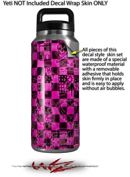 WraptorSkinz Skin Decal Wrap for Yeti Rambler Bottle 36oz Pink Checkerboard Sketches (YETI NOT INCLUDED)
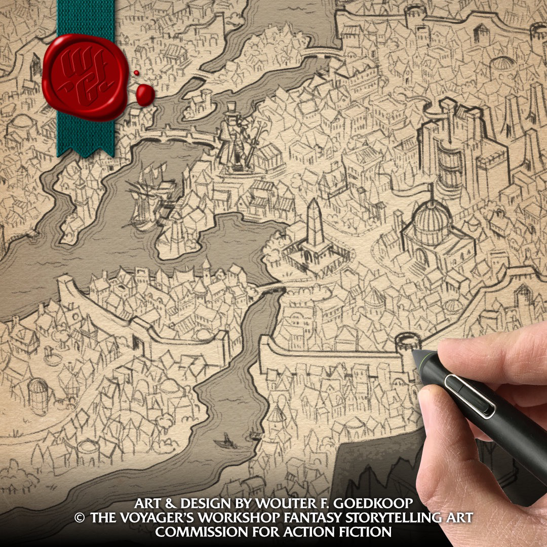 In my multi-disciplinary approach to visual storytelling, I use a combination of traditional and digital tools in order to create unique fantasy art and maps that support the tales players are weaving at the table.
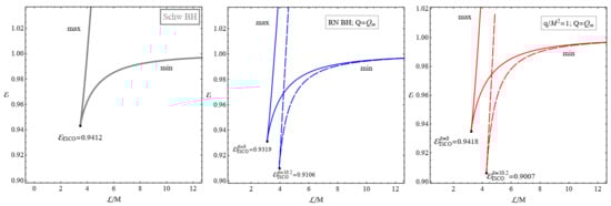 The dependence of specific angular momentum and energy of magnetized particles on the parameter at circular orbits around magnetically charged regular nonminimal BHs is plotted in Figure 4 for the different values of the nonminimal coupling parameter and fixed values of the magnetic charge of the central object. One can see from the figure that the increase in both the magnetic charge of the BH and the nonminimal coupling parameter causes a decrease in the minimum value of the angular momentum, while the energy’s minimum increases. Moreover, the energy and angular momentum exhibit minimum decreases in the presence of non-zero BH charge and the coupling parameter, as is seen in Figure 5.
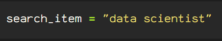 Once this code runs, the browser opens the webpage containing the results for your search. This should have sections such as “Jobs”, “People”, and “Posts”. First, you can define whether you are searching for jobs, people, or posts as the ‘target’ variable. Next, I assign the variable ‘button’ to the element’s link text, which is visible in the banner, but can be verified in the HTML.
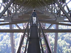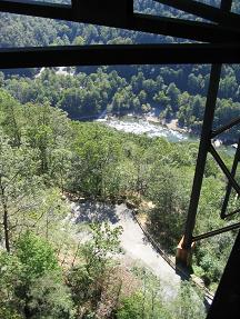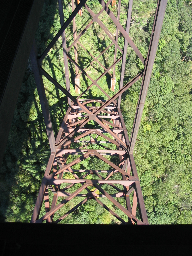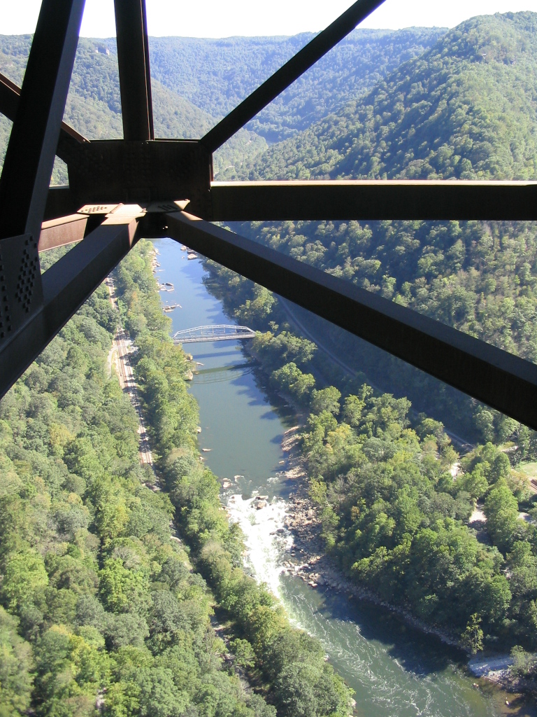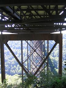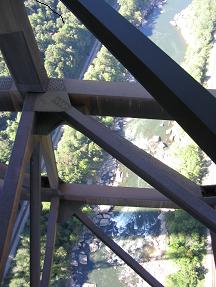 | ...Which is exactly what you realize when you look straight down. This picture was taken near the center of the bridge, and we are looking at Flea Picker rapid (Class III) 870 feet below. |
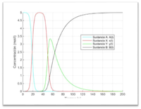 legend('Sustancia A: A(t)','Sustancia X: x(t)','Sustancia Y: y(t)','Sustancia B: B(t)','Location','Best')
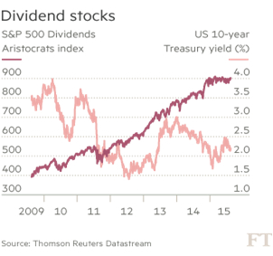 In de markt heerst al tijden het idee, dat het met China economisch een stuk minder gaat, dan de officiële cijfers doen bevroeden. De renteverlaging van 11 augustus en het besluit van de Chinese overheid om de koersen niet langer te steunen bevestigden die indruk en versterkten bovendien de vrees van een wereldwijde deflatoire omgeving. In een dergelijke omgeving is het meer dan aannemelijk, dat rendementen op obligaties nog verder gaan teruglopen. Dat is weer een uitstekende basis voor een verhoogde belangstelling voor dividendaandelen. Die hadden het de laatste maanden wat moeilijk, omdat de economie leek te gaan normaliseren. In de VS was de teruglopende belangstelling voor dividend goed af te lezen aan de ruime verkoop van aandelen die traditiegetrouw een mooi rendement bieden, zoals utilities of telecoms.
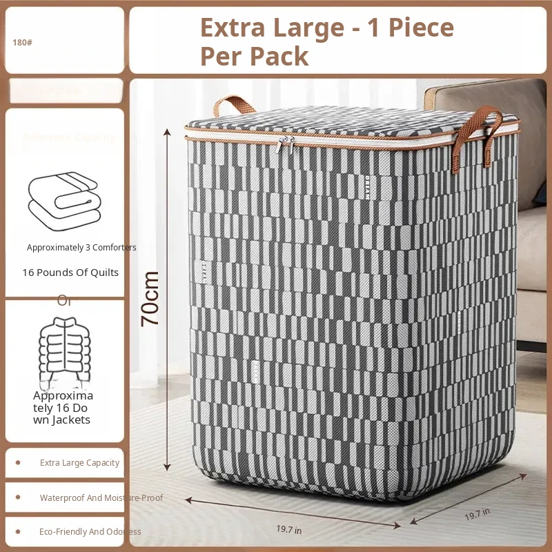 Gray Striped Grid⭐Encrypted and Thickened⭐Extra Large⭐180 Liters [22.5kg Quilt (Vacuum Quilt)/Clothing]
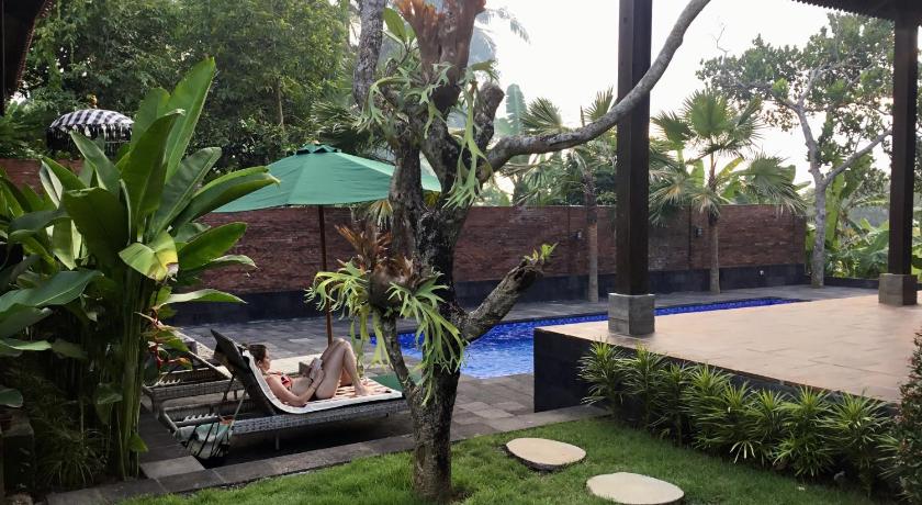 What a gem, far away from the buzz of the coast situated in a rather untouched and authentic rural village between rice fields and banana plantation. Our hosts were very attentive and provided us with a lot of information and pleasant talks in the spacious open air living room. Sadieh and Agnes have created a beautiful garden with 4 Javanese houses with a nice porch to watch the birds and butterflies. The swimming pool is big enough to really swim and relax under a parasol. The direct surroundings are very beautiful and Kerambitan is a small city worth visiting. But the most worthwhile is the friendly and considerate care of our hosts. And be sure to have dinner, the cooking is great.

TASK REQUIREMENTS:
Go through the data above and print exactly the lines from its first line through the line holding "legend('Sustancia A: A(t)','Sustancia", both included, leaving pictures aside.

SOLUTION BELOW:
 WraptorSkinz Skin Decal Wrap for Yeti Rambler Bottle 36oz Pink Checkerboard Sketches (YETI NOT INCLUDED)
 In my multi-disciplinary approach to visual storytelling, I use a combination of traditional and digital tools in order to create unique fantasy art and maps that support the tales players are weaving at the table.
 The dependence of specific angular momentum and energy of magnetized particles on the parameter at circular orbits around magnetically charged regular nonminimal BHs is plotted in Figure 4 for the different values of the nonminimal coupling parameter and fixed values of the magnetic charge of the central object. One can see from the figure that the increase in both the magnetic charge of the BH and the nonminimal coupling parameter causes a decrease in the minimum value of the angular momentum, while the energy’s minimum increases. Moreover, the energy and angular momentum exhibit minimum decreases in the presence of non-zero BH charge and the coupling parameter, as is seen in Figure 5.
 Once this code runs, the browser opens the webpage containing the results for your search. This should have sections such as “Jobs”, “People”, and “Posts”. First, you can define whether you are searching for jobs, people, or posts as the ‘target’ variable. Next, I assign the variable ‘button’ to the element’s link text, which is visible in the banner, but can be verified in the HTML.
 | ...Which is exactly what you realize when you look straight down. This picture was taken near the center of the bridge, and we are looking at Flea Picker rapid (Class III) 870 feet below. |
 legend('Sustancia A: A(t)','Sustancia X: x(t)','Sustancia Y: y(t)','Sustancia B: B(t)','Location','Best')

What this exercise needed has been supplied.